Окна, открытые настежь — страница 4 из 37

Был один-единственный золотой этап в его биографии: во время эвакуации вылез он таки из своей заляпанной бетоном спецовки. Сидя в комфортабельном для тех времен кабинете возле раскаленной железной печурки, Омелян Свиридович распределял ордера на жилье. А с жильем было туго в рабочем поселке, что вырастал вместе с заводом в дремучей тайге.

Ого! Тогда он считался фигурой! Тогда фамилия Крамаренко звучала! И когда Катря заходила в продуктовый распределитель, женщины в очереди перешептывались: «Крамаренко жена». И он верил, что Катре приятно такое слушать, хотя она ни разу об этом не говорила.

Хорошее тогда было время. Выдавал ли он ордера тем, кто действительно остро нуждался в жилье, или угождал кое-кому из начальства — вселял без очереди «полезных» людей в рубленые особнячки, но в памяти навсегда осталось волнующее ощущение власти. От одного росчерка его пера зависела судьба многих людей, зачастую таких, которым он в подметки не годился бы в мирное время, — прославленных сталеваров, даже академиков…

Другой бы, пронырливый, на его месте нажился, по крайней мере завязал бы полезные связи. А он ничего не достиг. Те, кому угождал, после войны забыли о нем. Надо было сразу же по горячим следам напомнить о себе, а он все откладывал, надеялся на человеческую благодарность… Невезучий он, неповоротливый. Вот в чем беда.

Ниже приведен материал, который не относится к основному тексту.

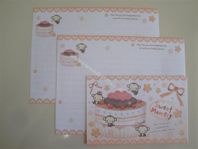 Conjunto importado, de papel de carta com 2 folhas iguais e 1 envelope do Sweet Memory.
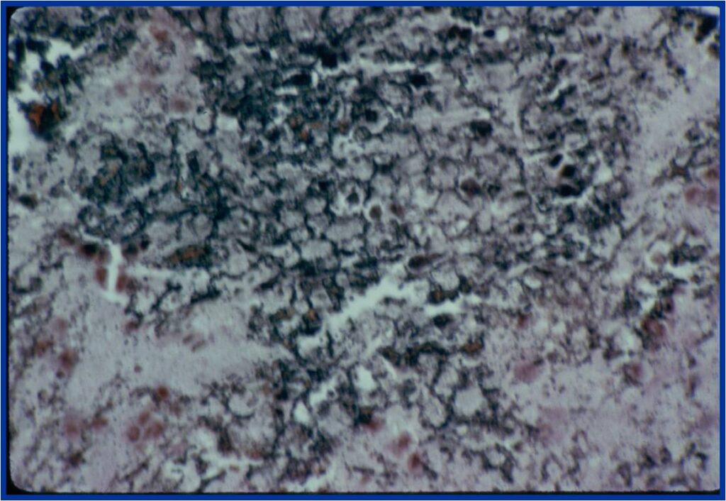 - Interspersed red areas from hemorrhagic necrosis

И вдруг каким-то чудом его заметили. Кто-то решил вытащить его из безнадежно рядовой жизни. Богдан Георгиевич пригласил на интимную вечеринку, и Крамаренко почувствовал в этом доброе знамение. Быть может, для него начиналась новая эра, эра личных взаимоотношений с сильными треста сего, тех взаимоотношений, которые в этом учреждении прежде всего определяли место человека под солнцем. Наконец-то Крамаренко мог получить право на нечто большее, чем благодарность в приказе, и считать себя хоть немножко причастным к могущественному кругу Богдана Георгиевича.

Нет, это были не боги. Наоборот, он еще раз убедился: те, кому завидовал и чьей благосклонности так добивался, были сделаны из одного с ним теста. Институтские коллеги Крамаренко или товарищи по работе, отличавшиеся от него глубокими знаниями и талантом, хоть и будили в нем зависть, но были недосягаемы. А эти так долго не допускавшие Крамаренко в свой узкий круг и наконец открывшие дверь отличались лишь немногими преимуществами — он легко мог достигнуть их при благоприятных условиях.

Крамаренко пил на вечеринке коньяк вместо привычной водки. Заедал его лимоном в сахаре, хоть терпеть не мог на закуску сладкого. Слушал магнитофон с каким-то модным «вуги» и, скучая, думал: «Пора бы затянуть песню». И все время представлял себя на месте Богданчика. Он припоминал свои деловые встречи с управляющим, внимательно изучал его самодовольное розовое лицо, прислушивался к шуткам и не заметил в нем ни таланта, ни остроумия, ничего такого, чем тот мог бы похвалиться перед Крамаренко. Разве только глаза у Богданчика были похолоднее, голос потверже, да еще одно: в каждой черте лица, в каждом движении чувствовалась долголетняя привычка быть в центре внимания и приказывать.

«Но ведь это дело наживное, — утешал себя Крамаренко, — для того чтобы «держать фасон», не надо ни знаний, ни труда, а только изворотливость и счастливый случай! Первый прыжок сделан, и если дальше так пойдет…» Единственное, что было непонятно, почему вдруг его вспомнили и позвали на вечеринку?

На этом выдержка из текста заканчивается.